[ASSIGNMENT]: Reproduce, word for word, the lines in the material below starting with the one that has "Smartphone OPPO A5m" and going on through the one that has "ZLINE Autograph Edition". Leave out all pictures.

[GIVEN DATA]:
____

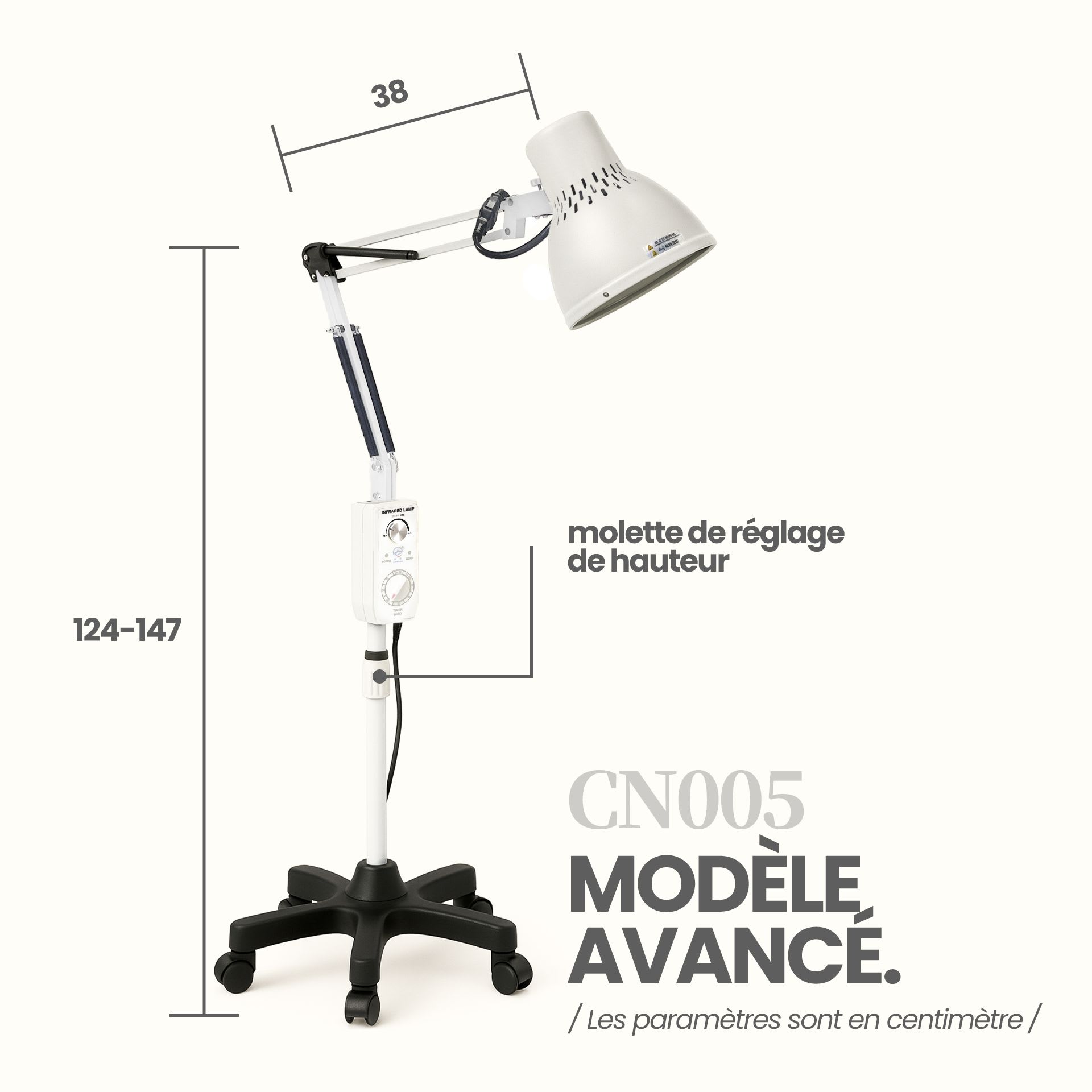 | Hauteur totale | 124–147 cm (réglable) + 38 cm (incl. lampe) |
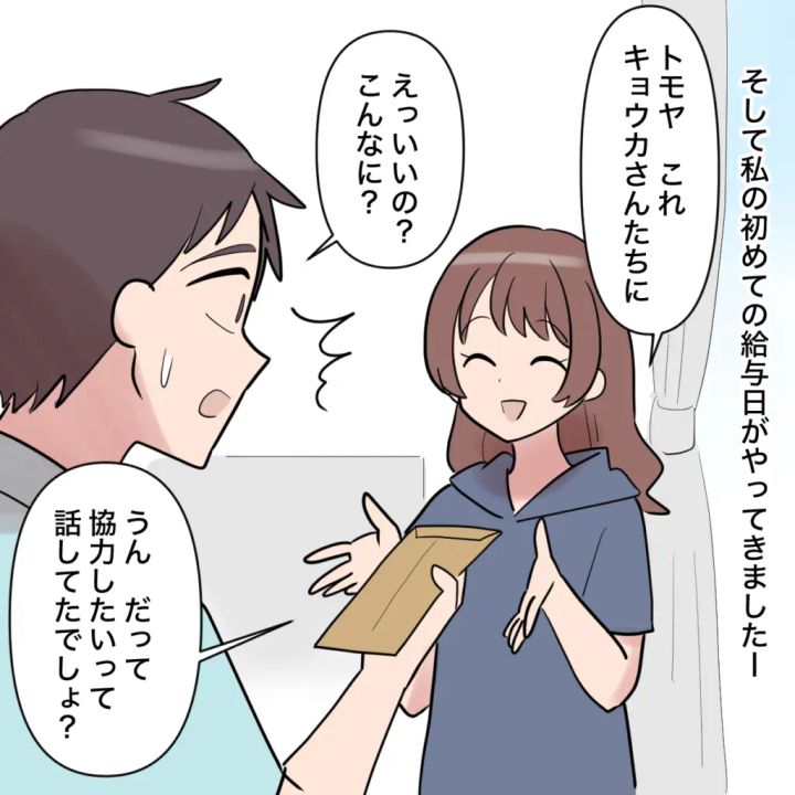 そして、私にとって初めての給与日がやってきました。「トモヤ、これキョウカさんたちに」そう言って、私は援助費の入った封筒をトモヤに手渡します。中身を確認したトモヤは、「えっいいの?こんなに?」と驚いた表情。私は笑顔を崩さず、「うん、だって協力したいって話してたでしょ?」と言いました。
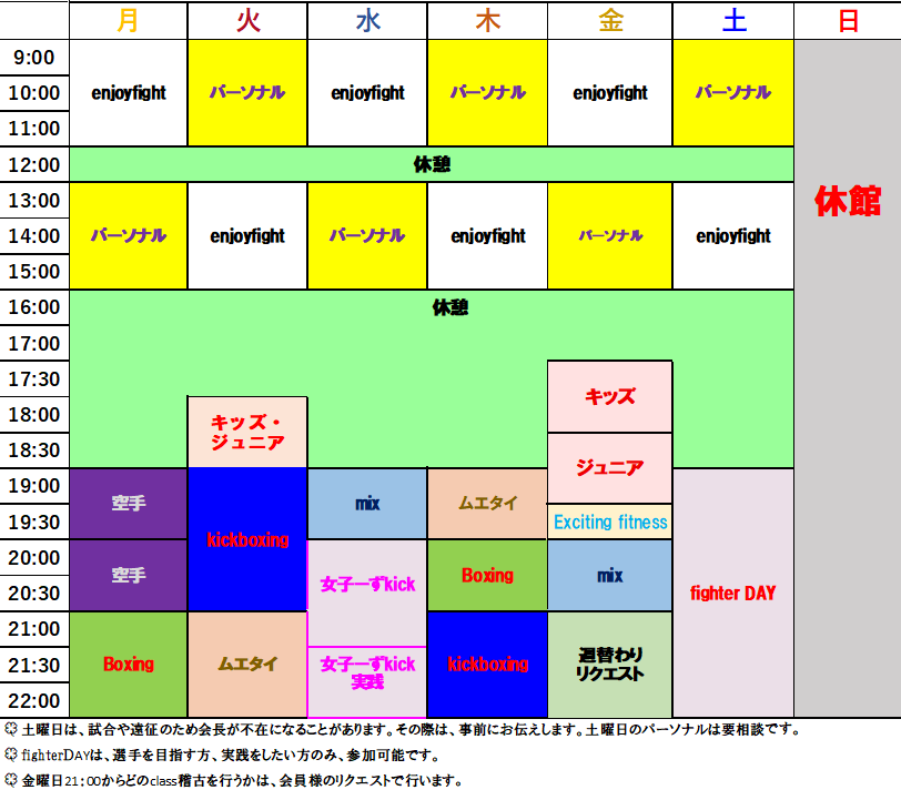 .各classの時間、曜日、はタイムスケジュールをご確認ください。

____

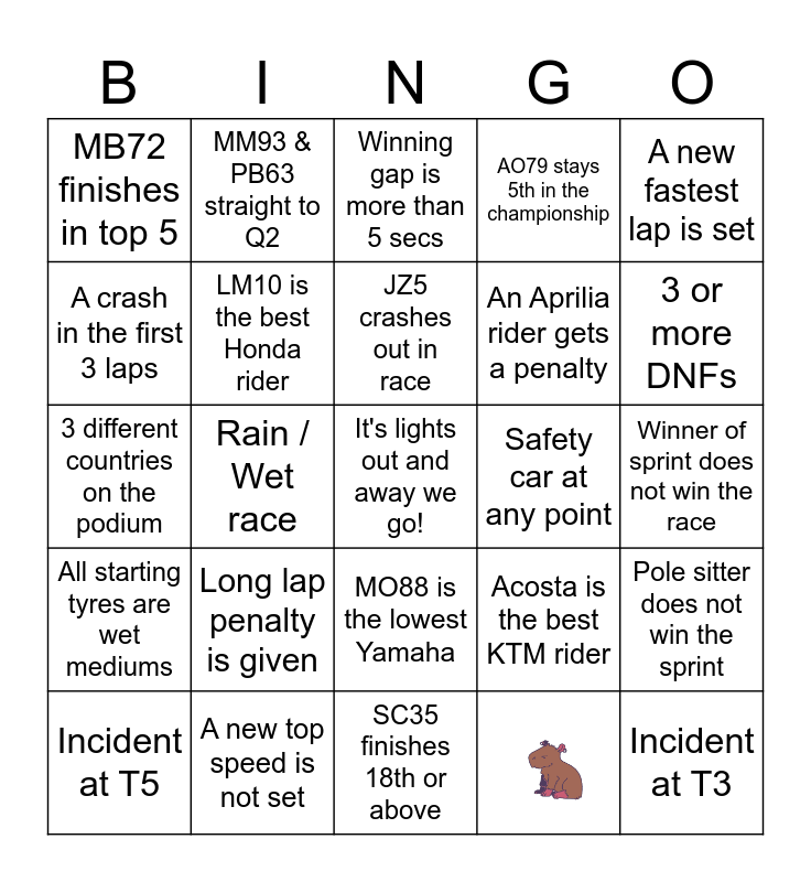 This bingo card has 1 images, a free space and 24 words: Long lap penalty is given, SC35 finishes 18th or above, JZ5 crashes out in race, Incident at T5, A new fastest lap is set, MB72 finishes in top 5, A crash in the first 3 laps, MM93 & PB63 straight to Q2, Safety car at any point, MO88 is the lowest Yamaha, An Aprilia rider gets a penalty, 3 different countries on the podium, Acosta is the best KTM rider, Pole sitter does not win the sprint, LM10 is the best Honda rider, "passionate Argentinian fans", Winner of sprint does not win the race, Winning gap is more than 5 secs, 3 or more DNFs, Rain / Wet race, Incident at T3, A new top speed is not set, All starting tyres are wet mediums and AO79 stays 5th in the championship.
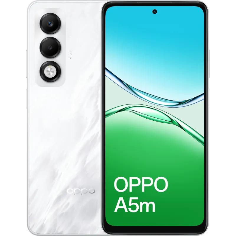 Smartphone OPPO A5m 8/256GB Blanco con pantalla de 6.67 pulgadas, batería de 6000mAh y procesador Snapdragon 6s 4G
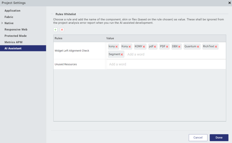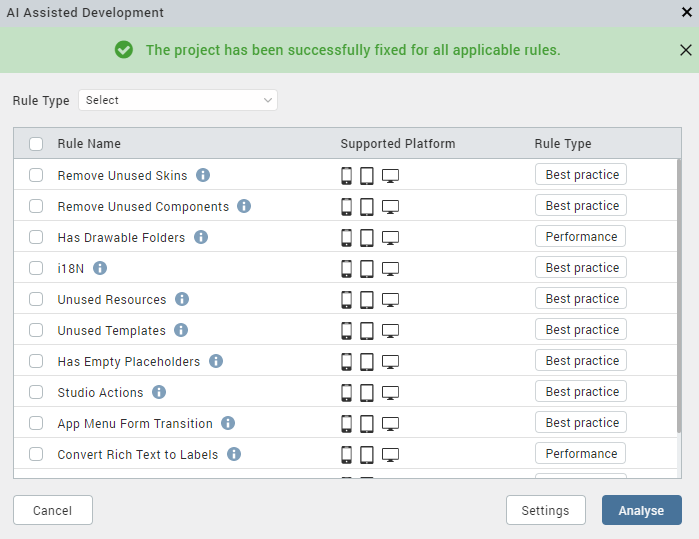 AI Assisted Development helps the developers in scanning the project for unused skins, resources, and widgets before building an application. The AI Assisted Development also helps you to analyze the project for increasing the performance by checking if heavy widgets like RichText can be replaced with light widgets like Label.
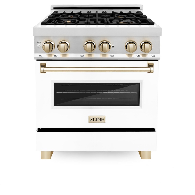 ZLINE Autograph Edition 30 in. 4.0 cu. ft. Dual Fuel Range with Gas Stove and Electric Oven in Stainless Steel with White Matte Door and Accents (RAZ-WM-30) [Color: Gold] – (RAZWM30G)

____

[OUTPUT]:
 Smartphone OPPO A5m 8/256GB Blanco con pantalla de 6.67 pulgadas, batería de 6000mAh y procesador Snapdragon 6s 4G
 AI Assisted Development helps the developers in scanning the project for unused skins, resources, and widgets before building an application. The AI Assisted Development also helps you to analyze the project for increasing the performance by checking if heavy widgets like RichText can be replaced with light widgets like Label.
 ZLINE Autograph Edition 30 in. 4.0 cu. ft. Dual Fuel Range with Gas Stove and Electric Oven in Stainless Steel with White Matte Door and Accents (RAZ-WM-30) [Color: Gold] – (RAZWM30G)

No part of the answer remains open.